Module bytewax.connectors.kafka

Connectors for Kafka.

Importing this module requires the confluent-kafka package to be installed.

Expand source code
"""Connectors for [Kafka](https://kafka.apache.org).

Importing this module requires the
[`confluent-kafka`](https://github.com/confluentinc/confluent-kafka-python)
package to be installed.

"""
from typing import Dict, Iterable

from confluent_kafka import (
    OFFSET_BEGINNING,
    Consumer,
    KafkaError,
    Producer,
    TopicPartition,
)
from confluent_kafka.admin import AdminClient

from bytewax.inputs import PartitionedInput, StatefulSource
from bytewax.outputs import DynamicOutput, StatelessSink

__all__ = [
    "KafkaInput",
    "KafkaOutput",
]


def _list_parts(client, topics):
    for topic in topics:
        # List topics one-by-one so if auto-create is turned on,
        # we respect that.
        cluster_metadata = client.list_topics(topic)
        topic_metadata = cluster_metadata.topics[topic]
        if topic_metadata.error is not None:
            msg = f"error listing partitions for Kafka topic `{topic!r}`: "
            f"{topic_metadata.error.str()}"
            raise RuntimeError(msg)
        part_idxs = topic_metadata.partitions.keys()
        for i in part_idxs:
            yield f"{i}-{topic}"


class _KafkaSource(StatefulSource):
    def __init__(
        self,
        consumer,
        topic,
        part_idx,
        starting_offset,
        resume_state,
        batch_size,
    ):
        self._offset = starting_offset if resume_state is None else resume_state
        # Assign does not activate consumer grouping.
        consumer.assign([TopicPartition(topic, part_idx, self._offset)])
        self._consumer = consumer
        self._topic = topic
        self._batch_size = batch_size
        self._eof = False

    def next_batch(self):
        if self._eof:
            raise StopIteration()

        msgs = self._consumer.consume(self._batch_size, 0.001)

        batch = []
        last_offset = None
        for msg in msgs:
            if msg.error() is not None:
                if msg.error().code() == KafkaError._PARTITION_EOF:
                    # Set self._eof to True and only raise StopIteration
                    # at the next cycle, so that we can emit messages in
                    # this batch
                    self._eof = True
                    break
                else:
                    # Discard all the messages in this batch too
                    msg = f"error consuming from Kafka topic `{self._topic!r}`: "
                    f"{msg.error()}"
                    raise RuntimeError(msg)
            batch.append((msg.key(), msg.value()))
            last_offset = msg.offset()

        # Resume reading from the next message, not this one.
        if last_offset is not None:
            self._offset = last_offset + 1
        return batch

    def snapshot(self):
        return self._offset

    def close(self):
        self._consumer.close()


class KafkaInput(PartitionedInput):
    """Use a set of Kafka topics as an input source.

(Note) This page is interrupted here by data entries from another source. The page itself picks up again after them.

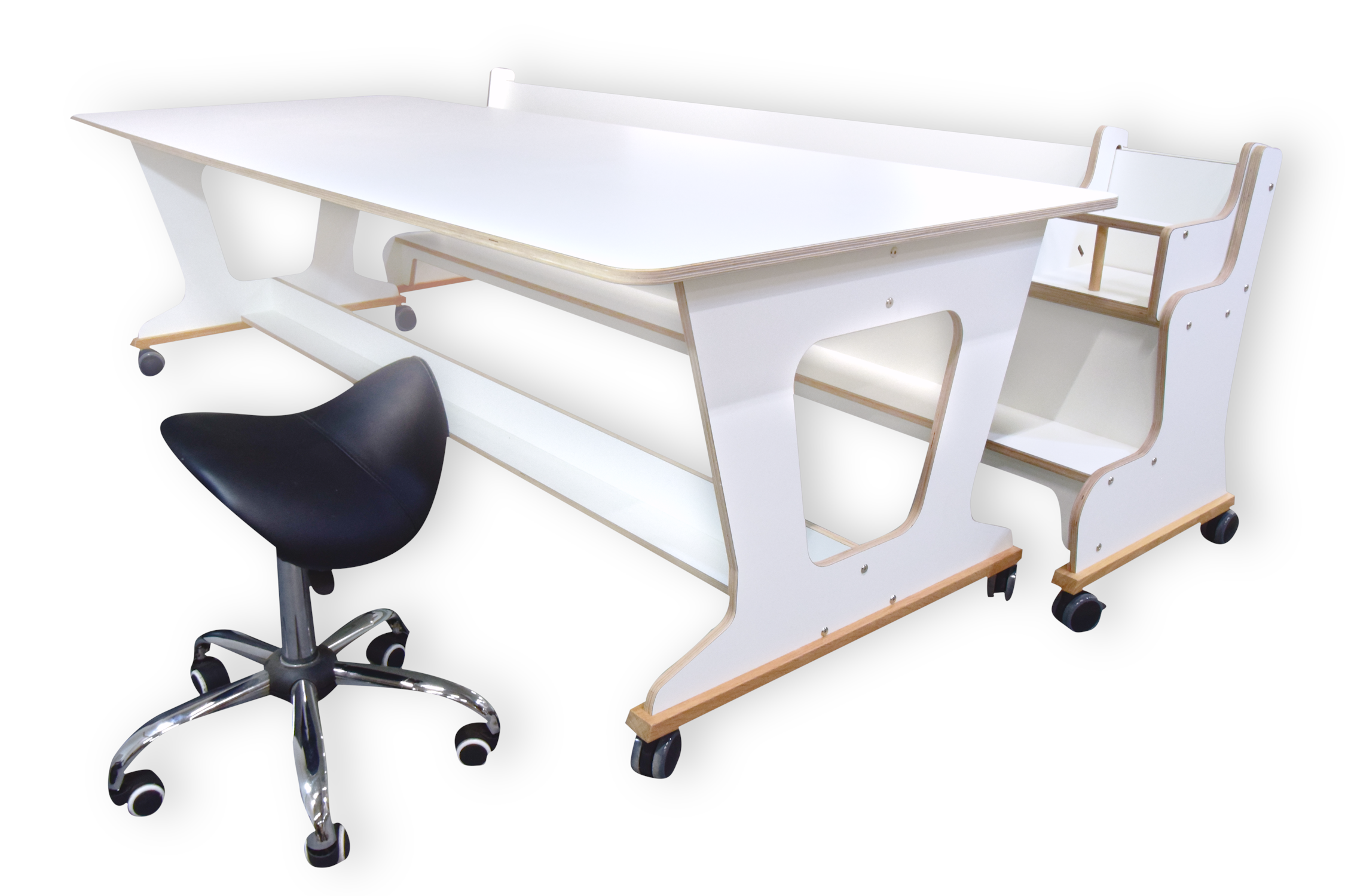 De tafel en bank zijn opgebouwd uit 18mm berken multiplex met witte hpl toplaag,
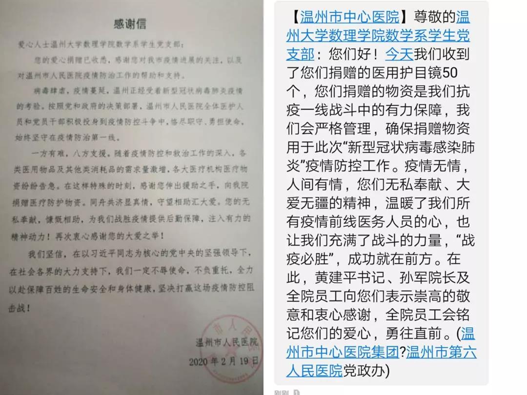 2.2月19日 数学系员工党支部将100副护目镜捐赠给温州市中心医院和温州市人民医院
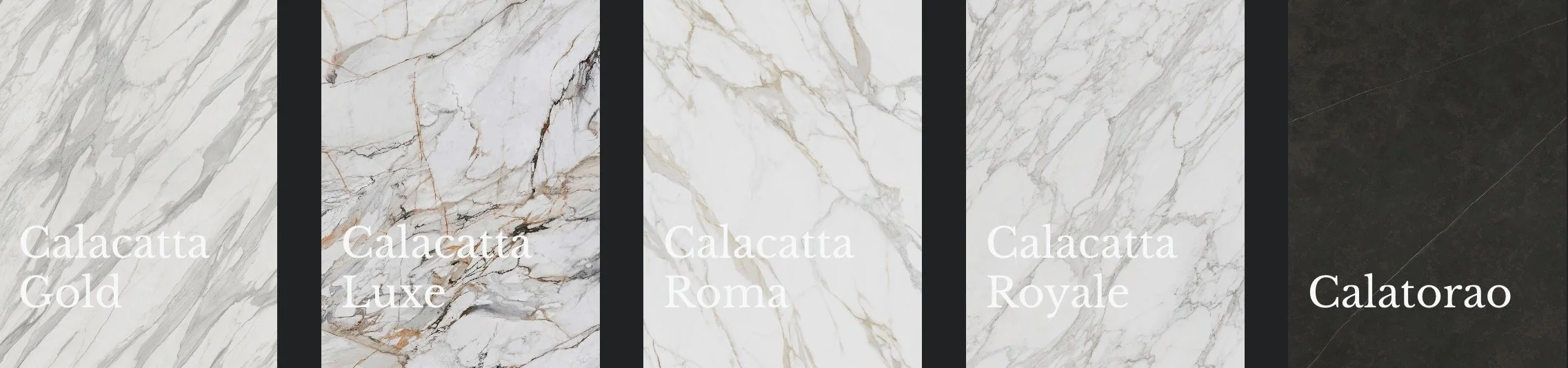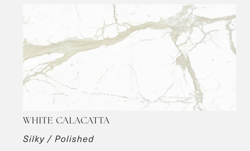 With its lustrous white background adorned with mesmerizing grey-gold veins, this masterpiece captures the timeless allure of natural Calacatta marble.

    Kafka messages are emitted into the dataflow as two-tuples of
    `(key_bytes, value_bytes)`.

    Partitions are the unit of parallelism.

    Can support exactly-once processing.
    """

    def __init__(
        self,
        brokers: Iterable[str],
        topics: Iterable[str],
        tail: bool = True,
        starting_offset: int = OFFSET_BEGINNING,
        add_config: Dict[str, str] = None,
        batch_size: int = 1,
    ):
        """Init.

        Args:
            brokers:
                List of `host:port` strings of Kafka brokers.
            topics:
                List of topics to consume from.
            tail:
                Whether to wait for new data on this topic when the
                end is initially reached.
            starting_offset:
                Can be either `confluent_kafka.OFFSET_BEGINNING` or
                `confluent_kafka.OFFSET_END`. Defaults to beginning of
                topic.
            add_config:
                Any additional configuration properties. See [the
                `rdkafka`
                documentation](https://github.com/confluentinc/librdkafka/blob/master/CONFIGURATION.md)
                for options.
            batch_size:
                How many messages to consume at most at each poll.
                This is 1 by default, which means messages will be
                consumed one at a time. The default setting is suited
                for lower latency, but negatively affects
                throughput. If you need higher throughput, set this to
                a higher value (eg: 1000)

        """
        if isinstance(brokers, str):
            msg = "brokers must be an iterable and not a string"
            raise TypeError(msg)
        self._brokers = brokers
        if isinstance(topics, str):
            msg = "topics must be an iterable and not a string"
            raise TypeError(msg)
        self._topics = topics
        self._tail = tail
        self._starting_offset = starting_offset
        self._add_config = {} if add_config is None else add_config
        self._batch_size = batch_size

    def list_parts(self):
        """Each Kafka partition is an input partition."""
        config = {
            "bootstrap.servers": ",".join(self._brokers),
        }
        config.update(self._add_config)
        client = AdminClient(config)

        return list(_list_parts(client, self._topics))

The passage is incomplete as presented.